Everything in the data gets repeated exactly, except for the pictures.

[DATA EXCERPT — start]

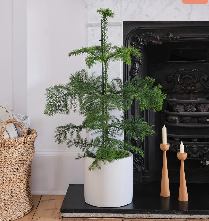 “With it’s soft, symmetrical branches and traditional conifer-like shape, the Norfolk Island pine is often dubbed a ‘living Christmas tree’. It’s perfect for creating a classic holiday look without bringing in a cut tree.
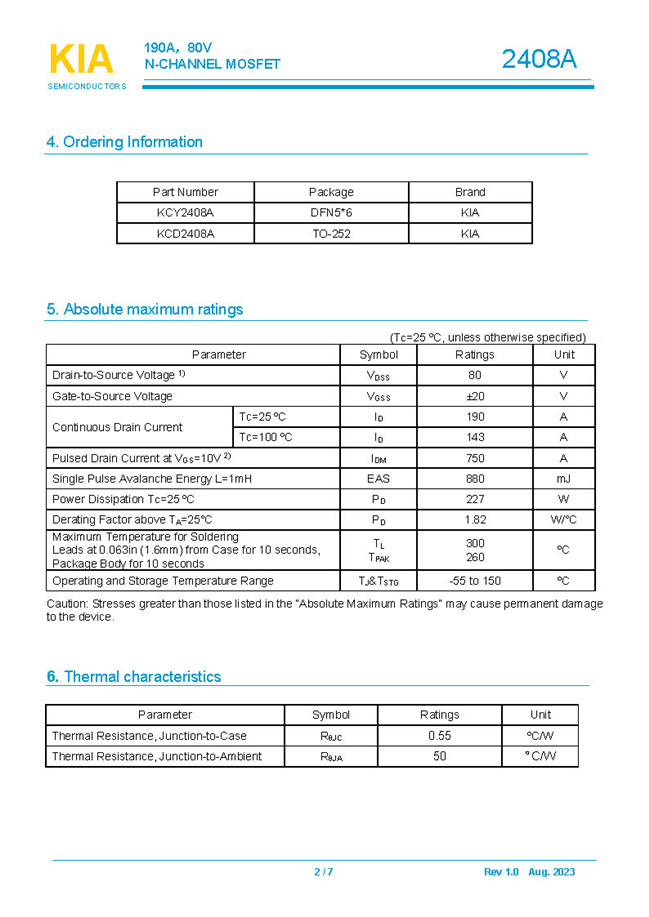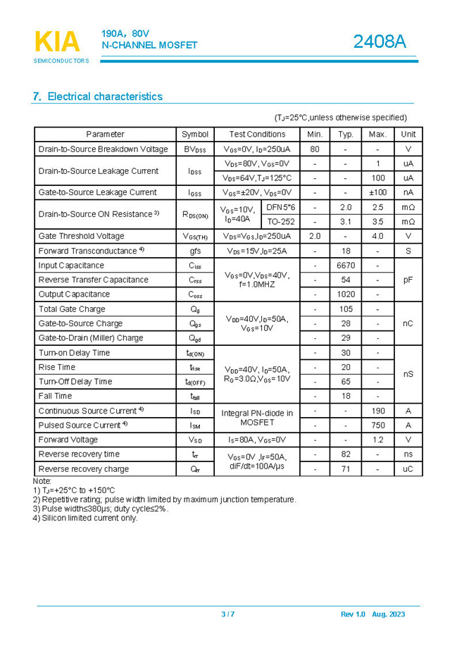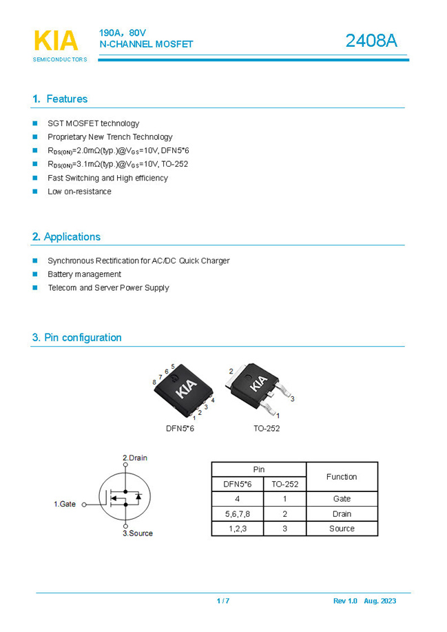 参数: ID(A): 190 BVDSS(V): 80 RDS(ON): 3mΩ Qg(nC): 105 Package: TO-252.DFN5*6
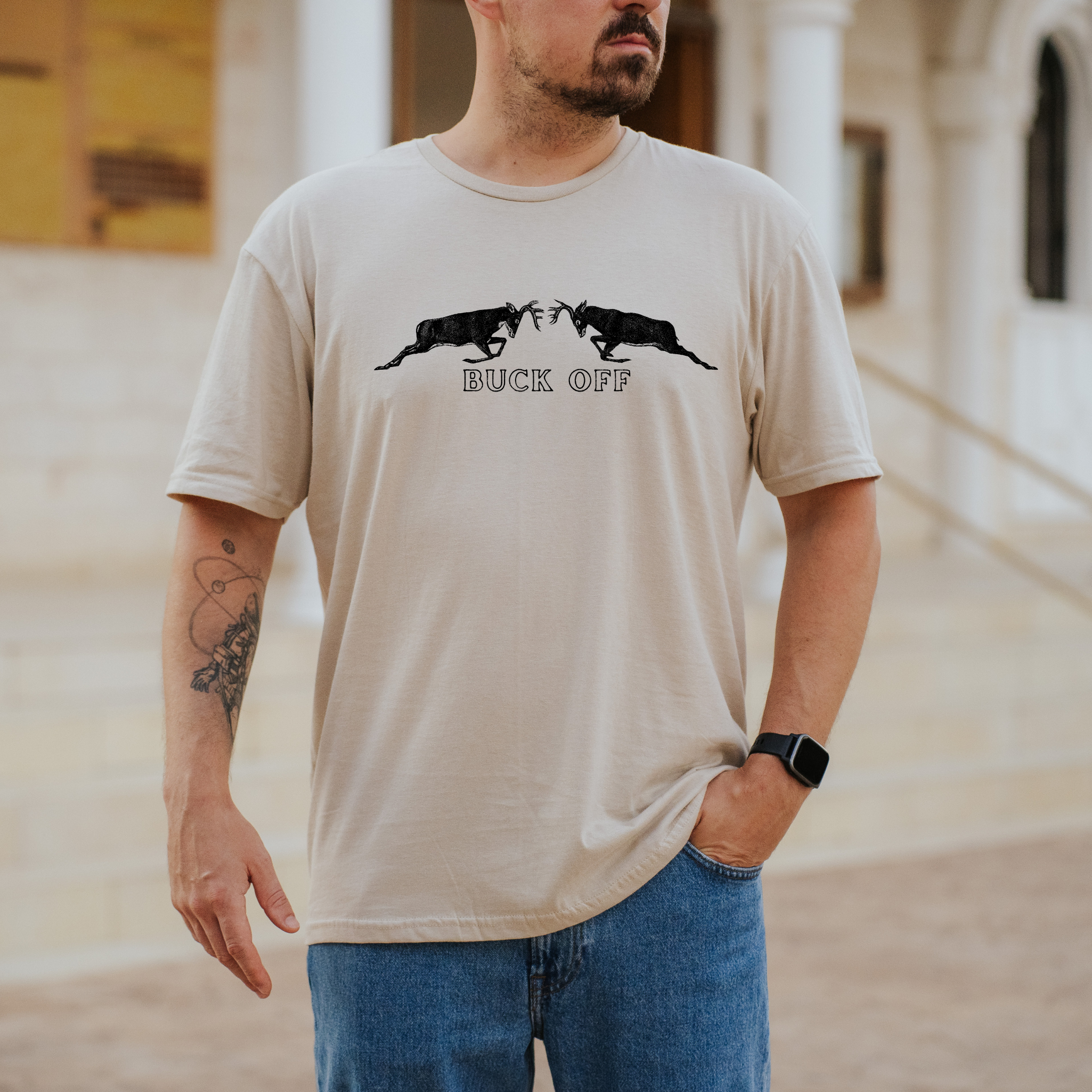 Make a bold statement with our “Buck Off” deer graphic tee featuring two hand-sketched bucks ramming antlers in a rugged, western-inspired design. This funny deer shirt blends outdoor humor with rustic style, perfect for hunters, ranch lovers, and anyone who appreciates wildlife and a little attitude. Professionally screenprinted for a soft feel and long-lasting wear, this graphic tee is built for everyday comfort. Whether you're heading to hunting camp, a country concert, or just living that small-town life, this buck off shirt brings grit and personality to your wardrobe.

[DATA EXCERPT — finish]

**ANSWER FOR THE TASK:**
 “With it’s soft, symmetrical branches and traditional conifer-like shape, the Norfolk Island pine is often dubbed a ‘living Christmas tree’. It’s perfect for creating a classic holiday look without bringing in a cut tree.
 参数: ID(A): 190 BVDSS(V): 80 RDS(ON): 3mΩ Qg(nC): 105 Package: TO-252.DFN5*6
 Make a bold statement with our “Buck Off” deer graphic tee featuring two hand-sketched bucks ramming antlers in a rugged, western-inspired design. This funny deer shirt blends outdoor humor with rustic style, perfect for hunters, ranch lovers, and anyone who appreciates wildlife and a little attitude. Professionally screenprinted for a soft feel and long-lasting wear, this graphic tee is built for everyday comfort. Whether you're heading to hunting camp, a country concert, or just living that small-town life, this buck off shirt brings grit and personality to your wardrobe.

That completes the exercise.